Immediately after enqueing the the segments in the reinject queue, they are consumed in mptcp_write_xmit [2]:

if (reinject > 0) {
    printk(KERN_INFO "unlink from reinject queue: %u\n", TCP_SKB_CB(skb)->seq);
    __skb_unlink(skb, &mpcb->reinject_queue);
    kfree_skb(skb);
}

unlink from reinject queue: 2358408254
unlink from reinject queue: 2358409682
unlink from reinject queue: 2358411110
unlink from reinject queue: 2358412538
unlink from reinject queue: 2358413966
unlink from reinject queue: 2358415394
unlink from reinject queue: 2358416822
unlink from reinject queue: 2358418250
unlink from reinject queue: 2358419678
unlink from reinject queue: 2358421106
unlink from reinject queue: 2358422534
unlink from reinject queue: 2358423962
unlink from reinject queue: 2358425390
unlink from reinject queue: 2358426818
unlink from reinject queue: 2358428246
unlink from reinject queue: 2358429674
unlink from reinject queue: 2358431102
unlink from reinject queue: 2358432530
unlink from reinject queue: 2358433958
unlink from reinject queue: 2358435386
unlink from reinject queue: 2358436814

After 15s, same segments (at least with the same seqs) are reinjected using the same steps from 3, but this time it triggers the tcp_snd_wnd_test condition [3]. This is normal, because meanwhile (15s) the average throughput was > 100Mbits/s and a lot of segments were transmitted => snd_una advanced a lot (possibly wrapped);
We are stuck with the segments from the reinject queue and the transfer is frozen.

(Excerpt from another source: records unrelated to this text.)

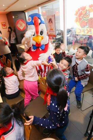 肯德基吉祥物奇奇与“小候鸟”进行互动。(新华网 江昆摄)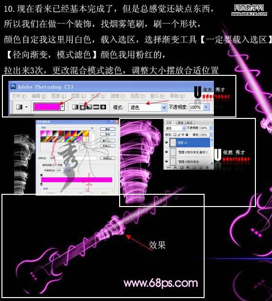 10、用煙霧筆刷做一個(gè)貝斯頭,拉漸變3次,擺放好合適位置。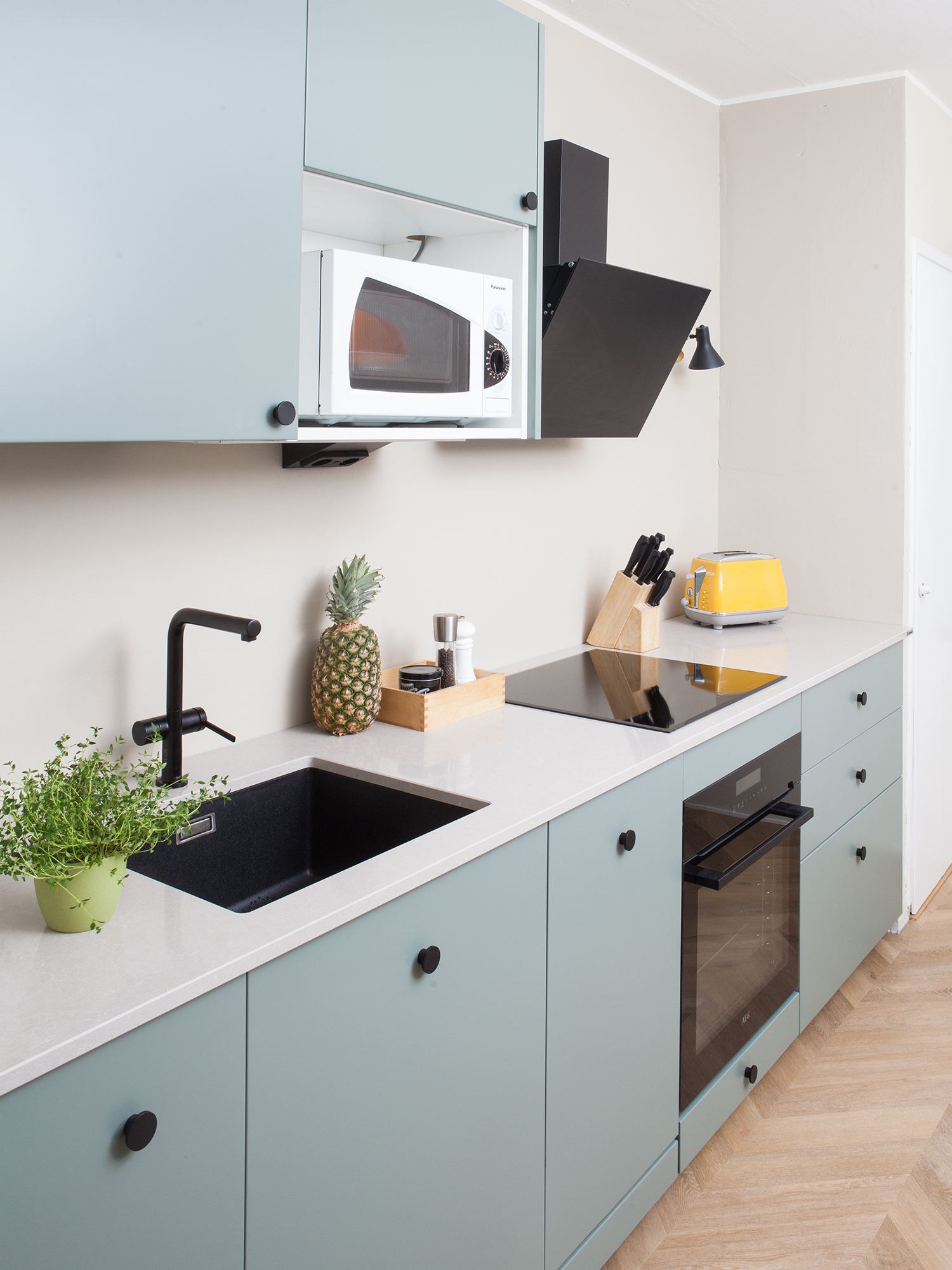 Våra professionella montörer levererar och monterar bänkskivan i ditt hem. Installationen är snabb, av hög kvalitet och korrekt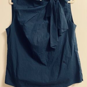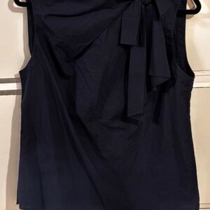 Rebecca Taylor cotton sleeveless top with bow neck navy size 12 buttons back. Some signs of wear see photos below. Used but very nice

[1] https://github.com/multipath-tcp/mptcp/blob/5aa9d3102ca3ee7b48b36a4f57d34fdc764897f5/net/mptcp/mptcp_output.c#L219 [2] https://github.com/multipath-tcp/mptcp/blob/5aa9d3102ca3ee7b48b36a4f57d34fdc764897f5/net/mptcp/mptcp_output.c#L739 [3] https://github.com/multipath-tcp/mptcp/blob/5aa9d3102ca3ee7b48b36a4f57d34fdc764897f5/net/mptcp/mptcp_output.c#L671 [4] https://github.com/multipath-tcp/mptcp/blob/5aa9d3102ca3ee7b48b36a4f57d34fdc764897f5/net/mptcp/mptcp_output.c#L117

cpaasch commented 8 years ago

Hello Doru,

again, great analysis! :)

Yes, it seems like we don't have a way to stop reinjecting segments. We probably need to track the sequence number (at the subflow level) that has already been queued on the reinject-queue. You wanna submit a patch with this fix?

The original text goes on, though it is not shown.